Aun con todo, y ya que hemos de ser coherentes con nuestra creencia (que trata de poner coto a los efectos más estériles de la nostalgia) de que el pasado es un buen lugar para visitar pero no muy recomendable para quedarse a vivir en él, conviene aprender a convivir con los inconvenientes pero también con las ventajas de la situación actual. O mejor dicho, hacer de la necesidad virtud y exprimir al máximo los pros al tiempo que se sortean (que no ignoran) los contras. Seguramente los tiempos que vivimos no sean ni mejores ni peores, simplemente diferentes, y sería bastante miope ver en los festivales de hoy en día al nuevo Leviatán que todo lo pudre. Porque es cierto que el cada vez mayor peso que su oferta lúdica comporta (un festival sin noria ya es como un jardín sin flores) puede verse como el definitivo culmen de su proceso de banalización, pero tal condicionante no es ajeno a la transformación, mucho más general, que los patrones de consumo de música han sufrido en los últimos tiempos. Resulta descorazonador comprobar cómo el circuito de salas en directo se va desangrando poco a poco, herido (quién sabe si de muerte) por la subida del IVA y necesariamente limitado por una oferta esencialmente conservadora (prácticamente los mismos nombres cada temporada), porque es lógico que ningún promotor local quiera bajar la persiana de su negocio. Como si fuera un reflejo, al fin y al cabo, de los inmisericordes procesos de concentración empresarial que en todos los campos de nuestra vida hacen del abanico de nuestra oferta lúdica algo cada vez más uniforme y gris.

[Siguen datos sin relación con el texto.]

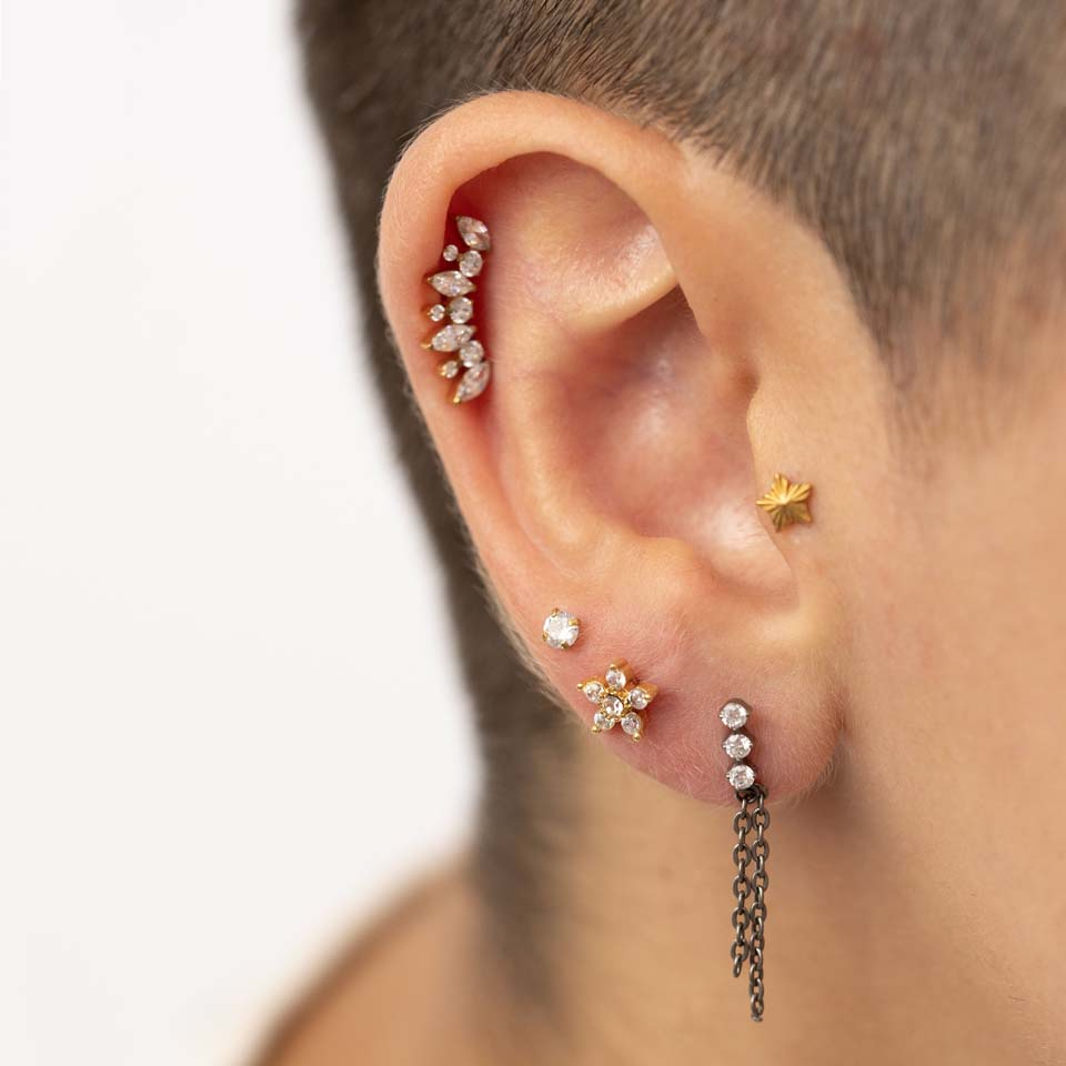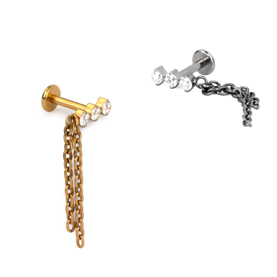 This stylish labret features a row of three bezel set zirconia stones with two chain dangles attached by a tiny loop at one end. The chains are different lengths giving a cool asymetric effect. The longer chain measures 19mm (0.75"). This piece can be worn horizontally in the lobe, or vertically or at an angle in other ear piercings - style it your way to achieve your look.
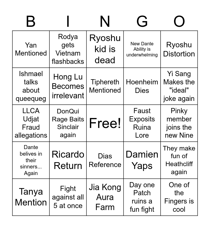 This bingo card has a free space and 25 words: Ricardo Return, Jia Kong Aura Farm, Tiphereth Mentioned, Tanya Mention, Ryoshu Distortion, Yan Mentioned, Ishmael talks about queequeg, Rodya gets Vietnam flashbacks, Faust Exposits Ruina Lore, Dias Reference, Hoenheim Dies, LLCA Udjat Fraud allegations, Damien Yaps, They make fun of Heathcliff again, Hong Lu Becomes irrelevant, Kromer Come Back, Pinky member joins the new Nine, Ryoshu kid is dead, Yi Sang Makes the "ideal" joke again, DonQui Rage Baits Sinclair again, One of the Fingers is cool, Fight against all 5 at once, Dante belives in their sinners... Again, New Dante Ability is underwhelming and Day one Patch ruins a fun fight.
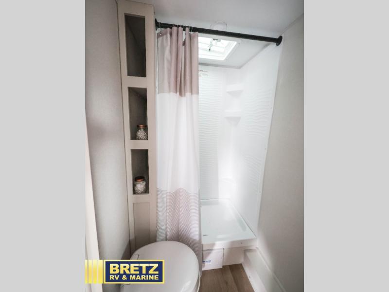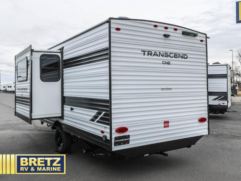 With any Transcend One travel trailer by Grand Design, you will enjoy lightweight towing thanks to their single-axle. There are many interior comforts to make camping easier than ever, such as recessed lighting, residential countertops, and a 6' 6" interior height. Each model is constructed with a heated and enclosed underbelly with suspended tanks, a moisture barrier floor enclosure, and Thermofoil over the roof and front cap for added protection. And a JBL sound system will let you listen to tunes as you visit under the power awning with a Fusion light!
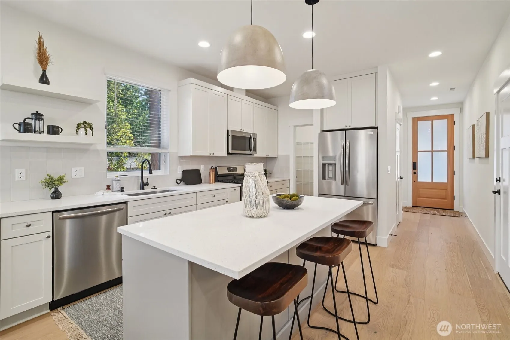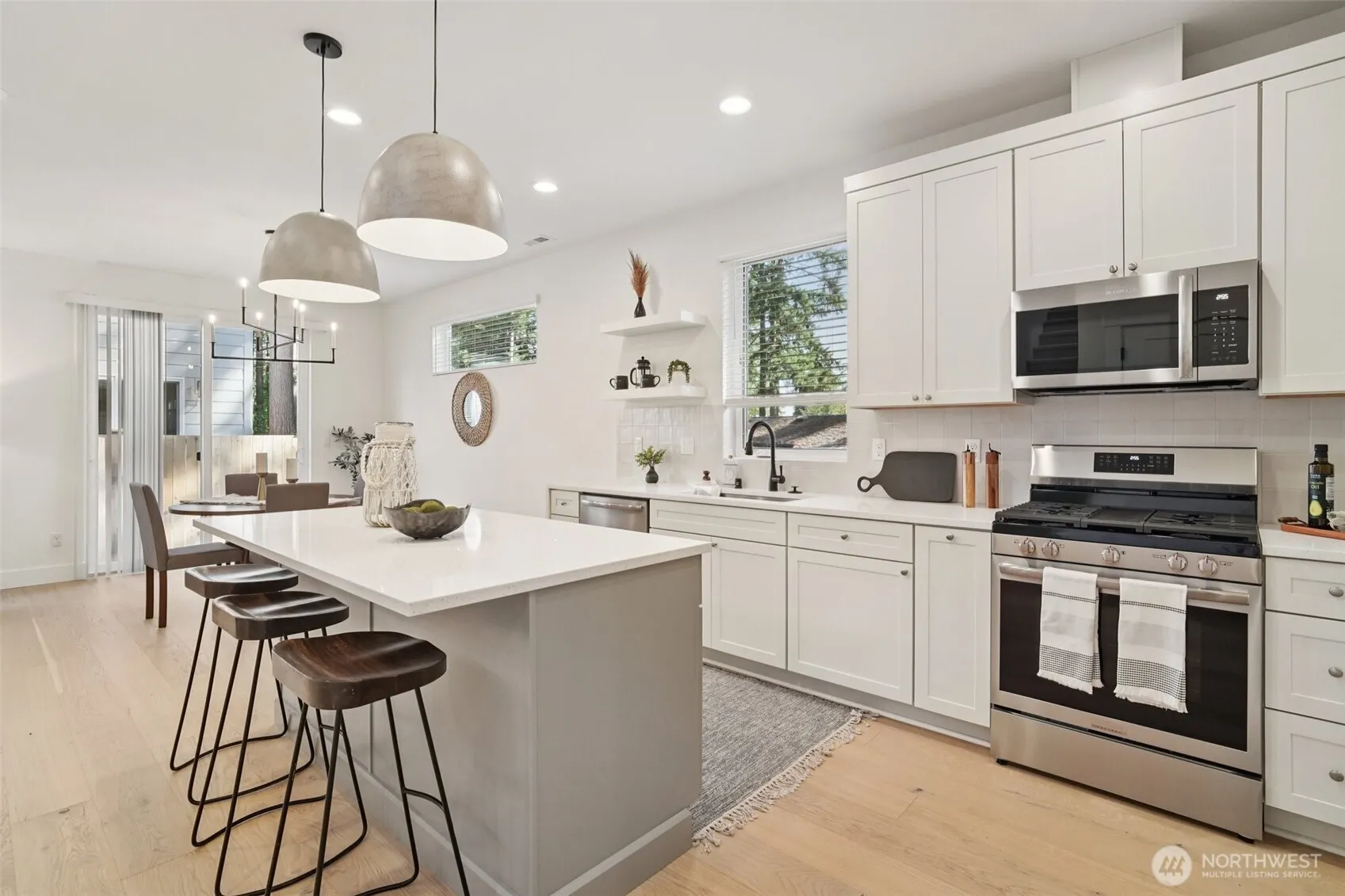 4.99% 30-yr CONV w/ builder’s $50K rate buydown through preferred lender. New construction in Edmonds’ sought-after Esperance this 4-bed home showcases an open-concept design w/ modern style. Sunlit main level is anchored by a showcase gas fireplace w/ floor-to-ceiling stone surround. Chef’s kitchen features quartz island w/ seating, open-shelf accents, SS appliances & gas range, white shaker cabs & huge walk-in pantry. Dining opens to a fully fenced yard for seamless indoor-outdoor entertaining. Ideal layout w/ 1-bed + den on main. Spacious Primary Suite w/ WIC & 5-piece bath. Family room/loft. Wide-plank LVP, EV-ready 2-car garage & builder warranty included. Own long private driveway. Moments to schools, Bowl, shops, parks, Hwy 99 & I-5.

Pero los festivales siguen siendo una espléndida alternativa (al menos para todo aquel que no viva en Madrid o Barcelona, o disponga de un presupuesto fuera de lo común y libertad absoluta para planificar su calendario laboral) para disfrutar de un razonable menú-degustación compuesto por nombres con los que muchos melómanos de pro ni siquiera podrían soñar con ver pasar por su ciudad. Y a ver cómo se le explica a ese aficionado medio, generalmente “de provincias” (valga por una vez la expresión centralista), que su apuesta va a acabar ahondando en ese círculo vicioso, en el que las pequeñas salas tienen las de perder. En los últimos tres lustros, las infraestructuras de los festivales en nuestro país han ganado en solvencia, ofertando una serie de servicios paralelos a sus asistentes que hacen que la experiencia resulte cada vez más cómoda. Muchas veces con la vista puesta ya en un público objetivo que ha crecido en paralelo a la propia escena de esta clase de certámenes, que se cifra entre los treinta y los cuarenta y cinco años y es cada vez más proclive a asistir con su propia progenie. Pese a que aún haya algunos (cuanto más joven es el target, menor suele ser el nivel de autoexigencia) que solo aprendan a base de darse cabezazos contra una pared. Y no olvidemos que la gran mayoría de sus conciertos suele deparar versiones mejoradas de las prestaciones que habitualmente esgrimen sus bandas, con conciertos concisos pero intensos, sin minutos de la basura ni previsibles bises que solo se justifican por pura rutina.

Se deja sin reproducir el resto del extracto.